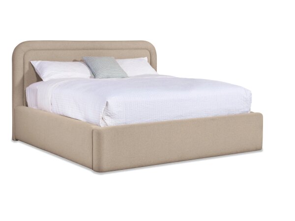 A twin upholstered bed in 100% linen (Broadway Dune) with a fully upholstered frame and scalloped base for timeless, traditional style. Includes headboard, footboard, and rails.
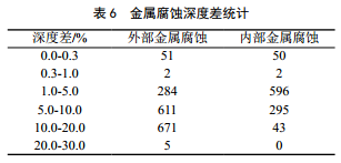 匹配缺陷是指在同一位置,兩次內檢測都報告了缺陷,但存在內、外區分和深度量化差別。如缺陷深度尺寸,不僅出現深度增加,還可能出現深度“減小”。而缺陷不會(huì )真的變淺,主要是由誤差導致的。內檢測報告的深度量化精度通常由一定置信度下的容差給出, SY/T 6597―2018《油氣管道內檢測技術(shù)規范》規定,對于均勻金屬損失和點(diǎn)蝕, 90%置信度下的容差為10% wt。在這一范圍內的缺陷深度,都符合標準規定(表 2)。
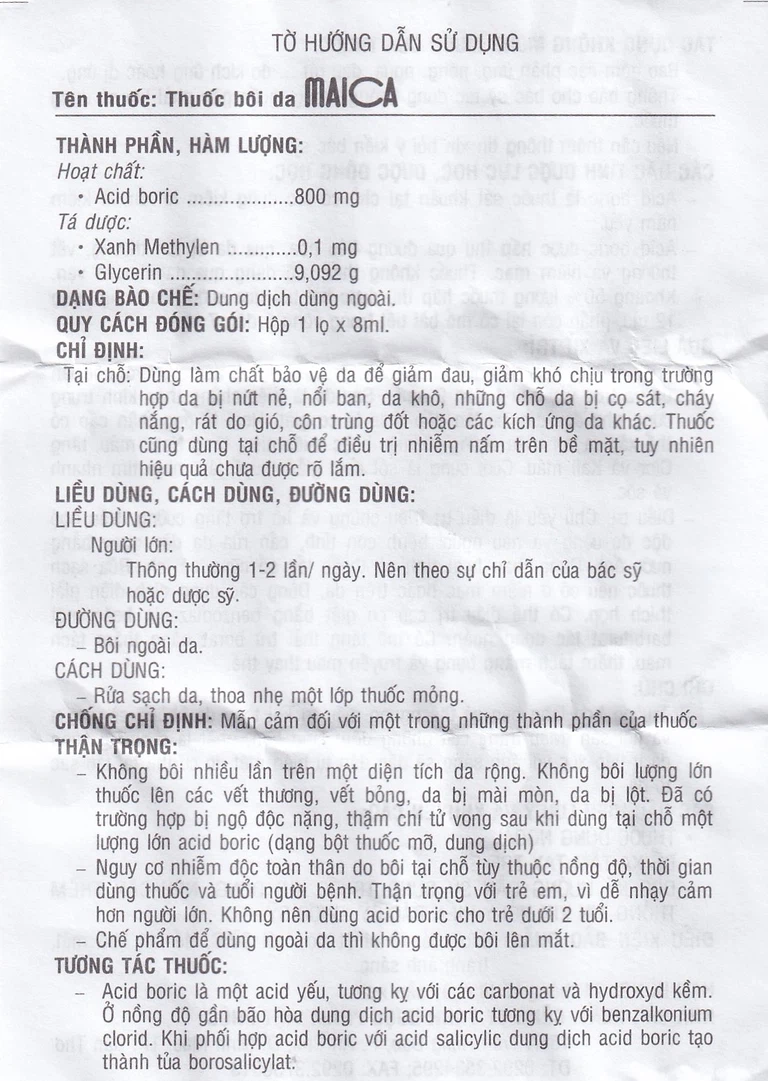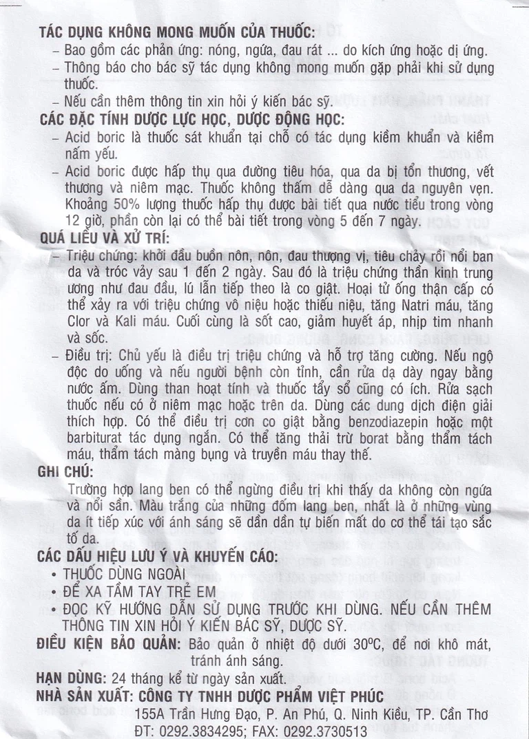 Không bôi nhiều lần trên một diện tích da rộng. Không bôi lượng lớn thuốc lên các vết thương, vết bỏng, da bị mài mòn, da bị lột. Đã có trường hợp bị ngộ độc nặng, thậm chí tử vong sau khi dùng tại chỗ một lượng lớn acid boric (dạng bột thuốc mỡ, dung dịch).
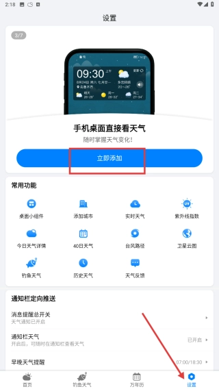 点击底部的设置选项进入设置页面后,你可以通过点击“立即添加”按钮把天气组件添加到手机桌面,这里还包含40日天气等常用功能,同时也能对通知栏定向推送等设置进行管理。
◇ ◇ ◇ ◇ ◇
Problem requirements ::
What you give back must match the material above exactly, minus its pictures.

Task result ::
 A twin upholstered bed in 100% linen (Broadway Dune) with a fully upholstered frame and scalloped base for timeless, traditional style. Includes headboard, footboard, and rails.
 匹配缺陷是指在同一位置,兩次內檢測都報告了缺陷,但存在內、外區分和深度量化差別。如缺陷深度尺寸,不僅出現深度增加,還可能出現深度“減小”。而缺陷不會(huì )真的變淺,主要是由誤差導致的。內檢測報告的深度量化精度通常由一定置信度下的容差給出, SY/T 6597―2018《油氣管道內檢測技術(shù)規范》規定,對于均勻金屬損失和點(diǎn)蝕, 90%置信度下的容差為10% wt。在這一范圍內的缺陷深度,都符合標準規定(表 2)。
 Không bôi nhiều lần trên một diện tích da rộng. Không bôi lượng lớn thuốc lên các vết thương, vết bỏng, da bị mài mòn, da bị lột. Đã có trường hợp bị ngộ độc nặng, thậm chí tử vong sau khi dùng tại chỗ một lượng lớn acid boric (dạng bột thuốc mỡ, dung dịch).
 点击底部的设置选项进入设置页面后,你可以通过点击“立即添加”按钮把天气组件添加到手机桌面,这里还包含40日天气等常用功能,同时也能对通知栏定向推送等设置进行管理。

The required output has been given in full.